丁寧な調査を行いお客様の売却、購入をサポートしていきます!

土地区画整理事業のエリアで保留地の売却や購入を検討しているものの、制度が複雑で一歩を踏み出せずにいる方は少なくありません。
また、富士市のまちづくりがどのように進み、その中で保留地がどんな役割を担っているのか、全体像が見えにくいと感じている方も多いはずです。
そこでこの記事では、都市の医師とも言われる土地区画整理事業の仕組みや、換地・減歩といった専門用語、さらに事業費を支える保留地の位置づけまで、流れに沿って整理して解説します。
あわせて、保留地売却のタイミングや手続き上の注意点、相談先の選び方にも触れますので、これから具体的に動き出したい方はぜひ参考にしてください。

富士市の土地区画整理事業と保留地とは

土地区画整理事業は、道路や公園、下水道などの公共施設を整備しながら、複雑な土地利用を整理して良好な市街地をつくる事業です。
富士市でも、市街地開発事業の一環として土地区画整理事業が位置付けられており、計画的なまちづくりの重要な手法とされています。
乱雑な街並みを整え、災害に強く暮らしやすい環境を生み出すことから、「都市の医師」とも呼ばれるゆえんです。
このように、単なる区画の並べ替えではなく、将来を見据えた都市計画と一体で進められる点が大きな特徴です。

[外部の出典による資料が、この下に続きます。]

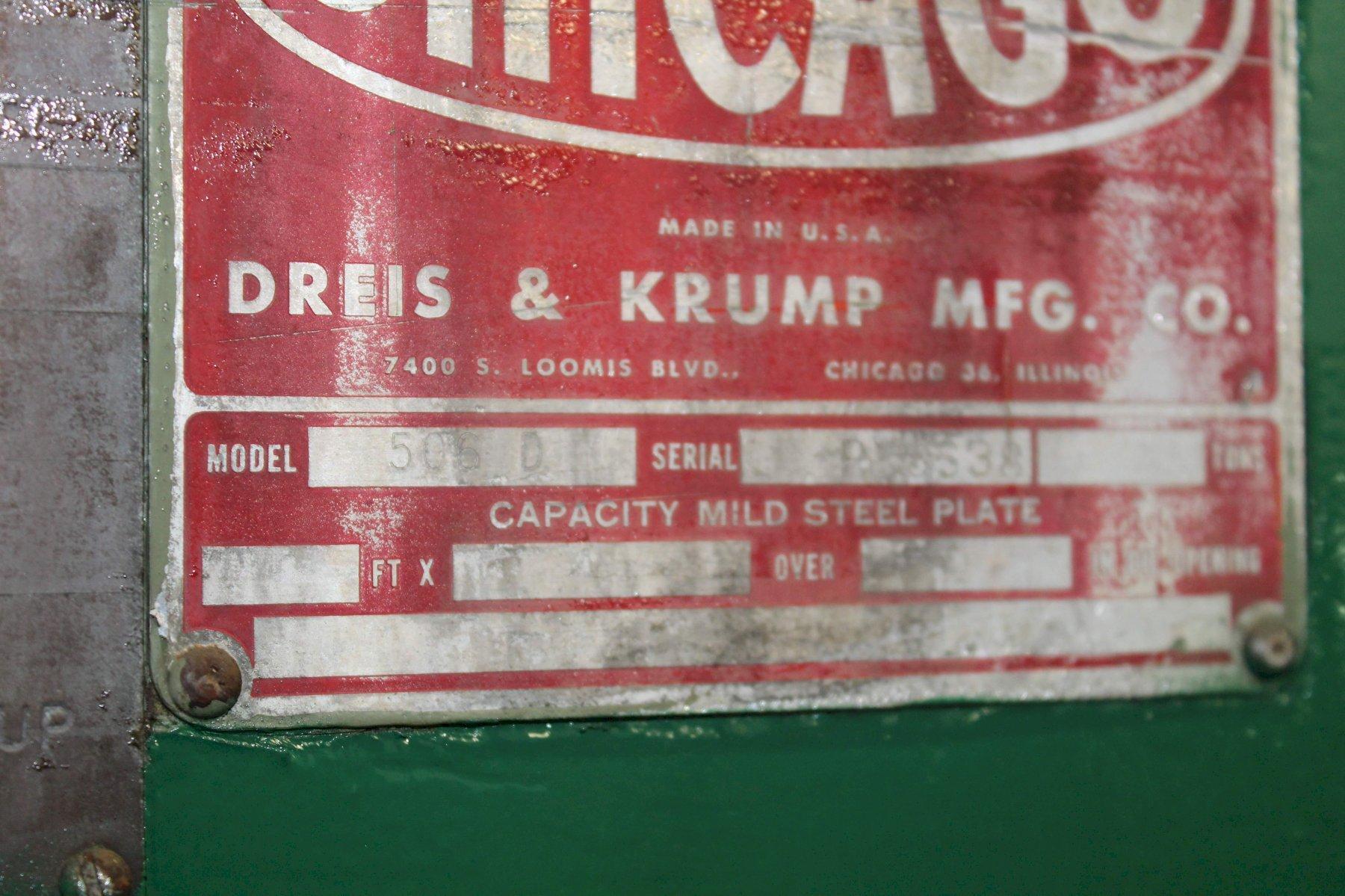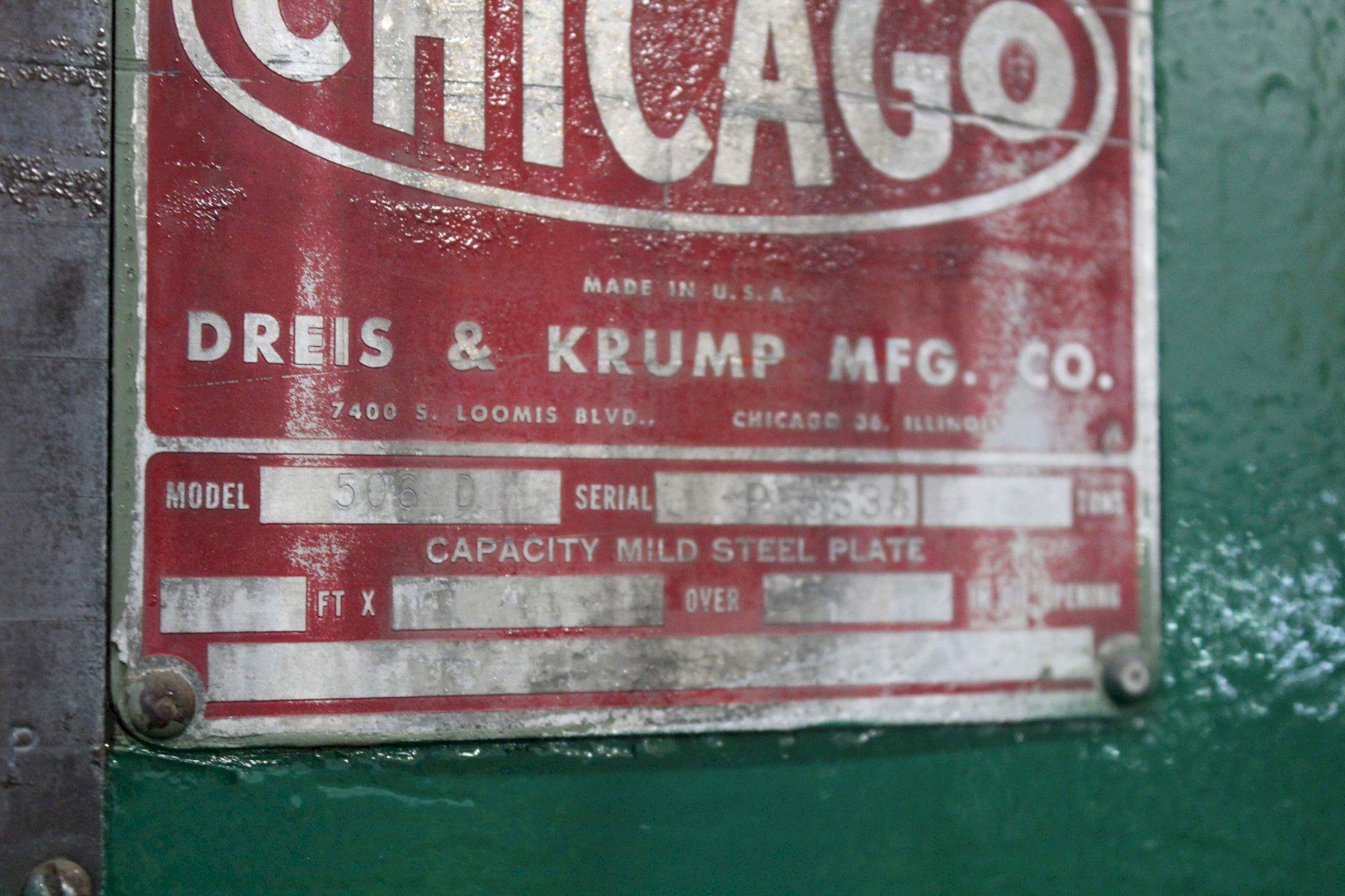 SERIAL ........................... P8538 MODEL ............................ 506D CAPACITY ......................... 225 TON OVERALL LENGTH OF BED ............ 8'2" DISTANCE BETWEEN HOUSINGS ........ 6'6" DEPTH OF THROAT .................. 8" STROKE ........................... 3" RAM ADJUSTMENT ................... 5" DIE SPACE (STROKE DOWN, ADJ UP) .. 12" STROKES PER MINUTE ............... 30 LUBE SYSTEM ...................... YES FLOOR STANDING ................... YES MOTOR ............................ 15 HORSEPOWER |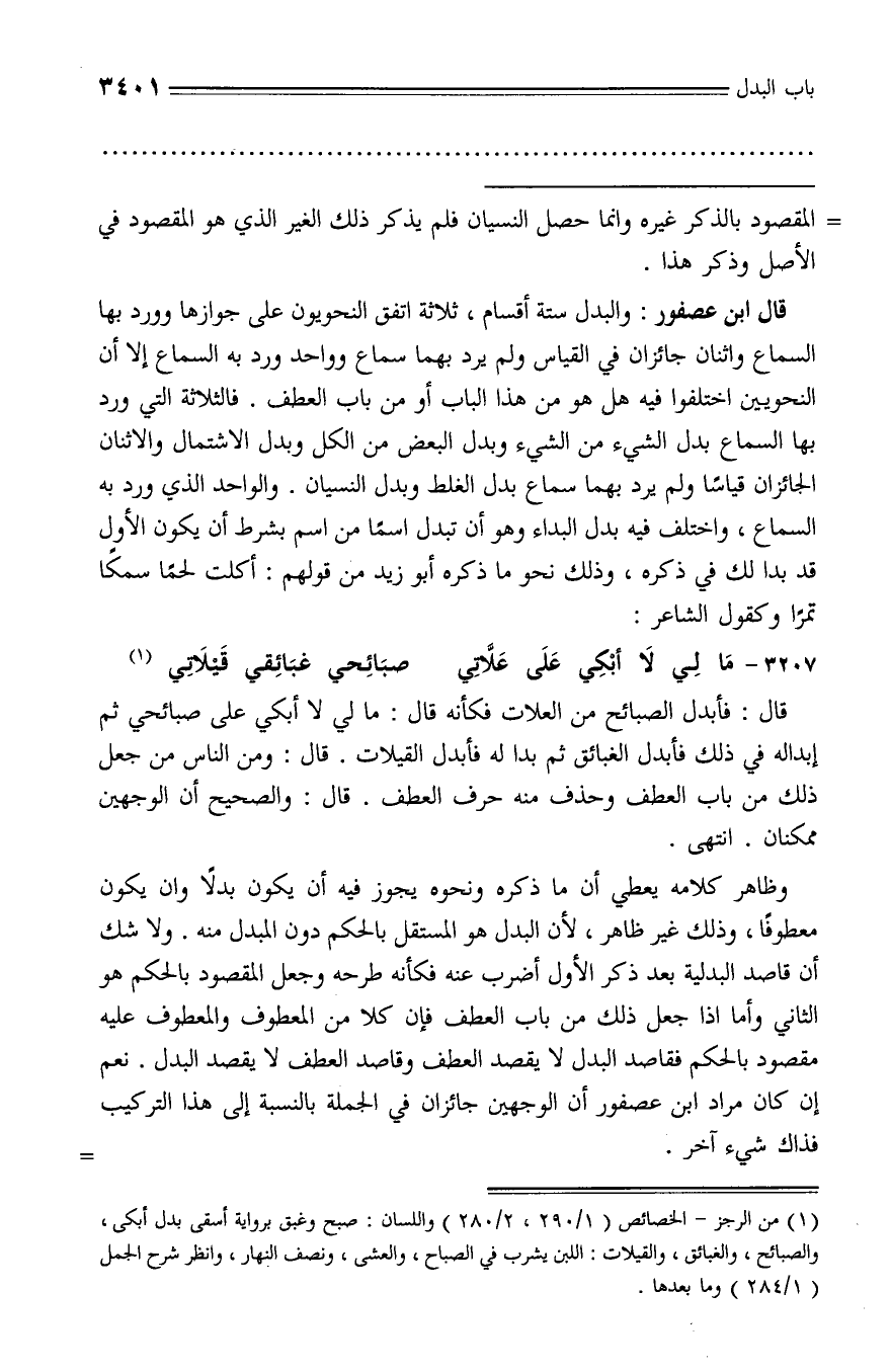 قال: فأبدل الصبائح من العلات فكأنه قال: ما لي لا أبكي على صبائحي ثم إبداله في ذلك فأبدل الغبائق ثم بدا له فأبدل القيلات. قال: ومن الناس من جعل ذلك من باب العطف وحذف منه حرف العطف. قال: والصحيح أن الوجهين ممكنان. انتهى.

土地区画整理事業では、まず地権者がそれぞれの土地から一定割合を提供し合う減歩が行われます。
減歩で生み出された土地の一部は道路や公園などの公共用地となり、残りの宅地については、従前地に代わる換地として地権者に割り当てられます。
この換地は、面積だけでなく形状や利用しやすさ、周辺の道路状況なども考慮して配分されるため、街全体の土地利用が改善されます。
地権者にとっては一時的な負担もありますが、インフラ整備と合わせて土地の利用価値向上が期待できる仕組みです。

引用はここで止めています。